Lipstick feminism is a variety of feminism that seeks to embrace traditional concepts of femininity, including the sexual power of women, alongside traditional feminist ideas. The concept emerged within the third-wave as a response to ideals created by previous movements, where women felt that they could not both be feminine and a feminist.

Unlike the early feminist campaigns that focused on the basic fundamental rights of women, starting with the Women's Suffrage Movement, lipstick feminism seeks to prove that women can still be feminists without ignoring or negating their femininity and sexuality. During the second wave of feminism, feminists focused solely on the legal and social equality of women. Feminists of this era refused to 'embrace' their sexuality. Some second wave feminists abhorred the idea of men. As a result, they would often take on physical male characteristics and a persona that was far from what the average woman looked like. This created the stereotype of feminism, and the stereotypical imagery of what a feminist should look like. 

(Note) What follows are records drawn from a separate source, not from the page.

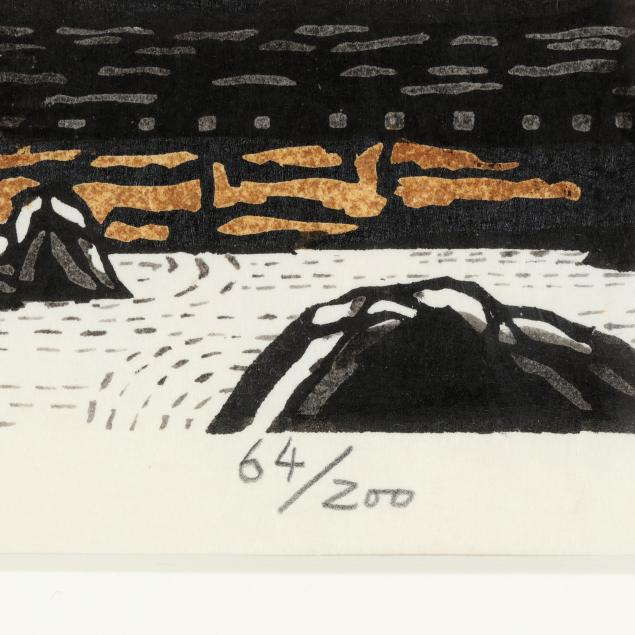 Kan Kawada was a leading figure in the postwar revival of Japanese woodblock printmaking, widely admired for his technically refined and emotionally resonant landscapes. Born in Hokkaido, Kawada trained in the traditional ukiyo-e method of collaborative print production, working closely with skilled block carvers and printers to achieve subtle tonal gradations and richly textured surfaces.
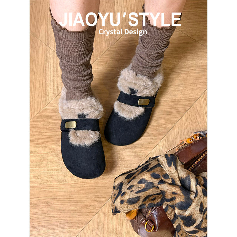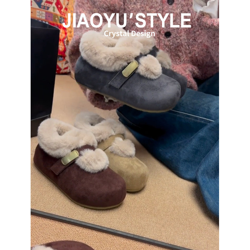 真皮~骄屿内增高加绒勃肯毛毛玛丽珍鞋女2025新款魔术贴雪地棉鞋
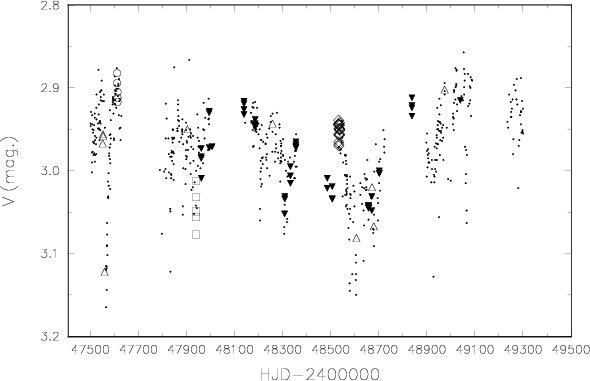 magnitudes transformed to Johnson V are shown by black triangles down. See the text for the details.
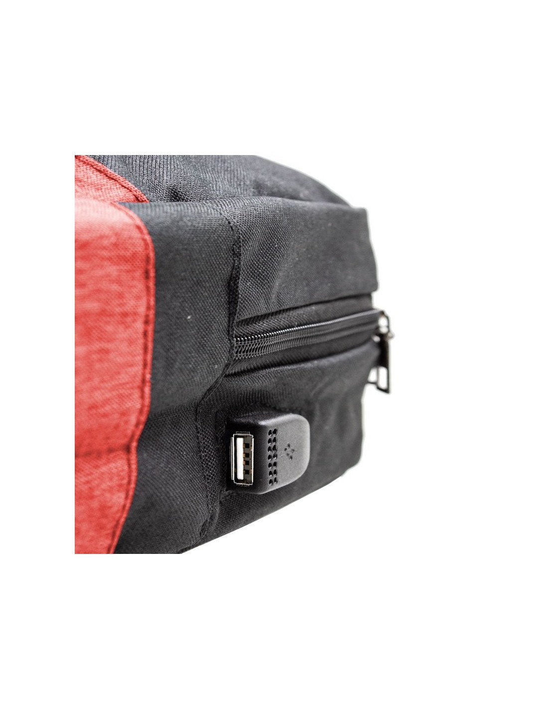 Incorpora bolsillo con cremallera central, bolsillos y compartimentos interiores, y puerto USB con cable comunicado a un bolsillo pequeño interior, ideal para meter tu powerbank / Batería externa (no incluída).
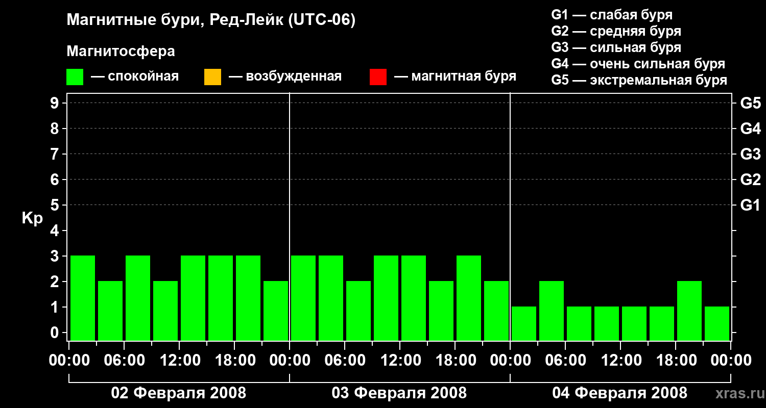 Магнитные бури в Ред-Лейке в феврале 2008 года
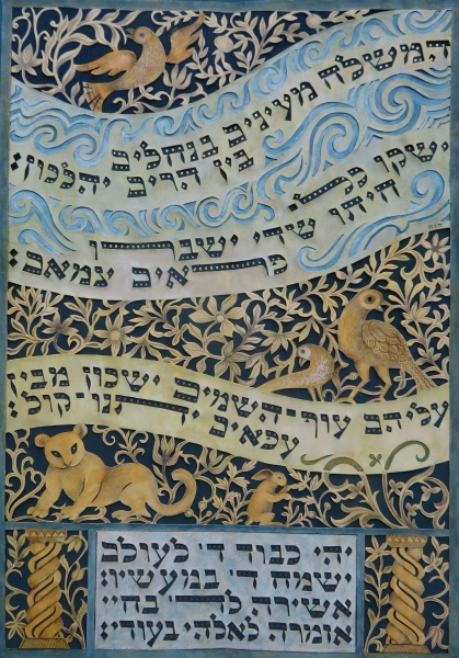 Aszkenazyjska jest jak izba, gdzie matka piecze chałę ─ tam gwar w jidysz, „matczynym języku”. Uczucie, naiwność, nie są słabością, nie trzeba się ich wstydzić. Kot mruczy ─ raczej ryczy ─ bo to lew domowy, na potrzeby wycinanki. Ptak dziobie ziarno ─ i oto już jego dziób trzyma szarfę ze słowami psalmu. Kwiat ręką matki siany ─ oto Drzewo Życia. Ileż barw, jak tu ciepło, nawet błękit grzeje.
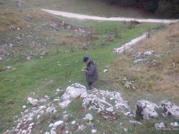 Con Gabriele andiamo a ricercare una grotta, il pozzo di Campo Minio dove eravamo gia’ stati anni fa in occasione di un corso pratico sull’utilizzo del GPS.

Despite the stereotypes surrounding feminism and the dominate social narratives surrounding feminism during their time, women like Zora Neale Hurston and Emma Goldman argued that by using philosophical ideas of aesthetics and ideas of femininity, it is possible to empower and analyze the ways that gender works in everyday life. Lipstick feminism embraces the ideals of womanhood and the sensualities of a woman. Scholars of lipstick feminism believe that women have a right to act in accordance with passion and sexuality. In one sense, the successes of second-wave feminism made it possible to reclaim aspects of femininity that were seen as disempowering, like make-up or stilettos.

History 
Lipstick feminism is a movement created of the third wave of feminism, following second wave feminism.  The second wave of feminism emerged in the US around 1960. This wave challenged America's beauty industry and its standards by protesting in a boycott of items considered to be feminine. These items included bras, girdles, curlers, false eye lashes, and magazines catered to women. Boycotting these items as well as embracing unorthodox appearances of women, such as unshaved legs and wearing no makeup, became a liberation mark for the second wave feminists. From early literature to date, the appearance of femininity has always had a negative relationship with feminism. During the eighteenth century, writings of Wollstonecraft criticized women who focused on their beauty, calling them "feather birds" with nothing to do besides plume themselves. Some time after, Simone de Beauvoir implored women to go beyond their bodies by rejecting emotional responses and the superficiality of beauty. De Beauvoir urged that this was the way to equality for women. Fashion, glamour and beauty have always been viewed as superficial and problematic. Second wave feminism viewed these as bondage, being oppressive and exploitative.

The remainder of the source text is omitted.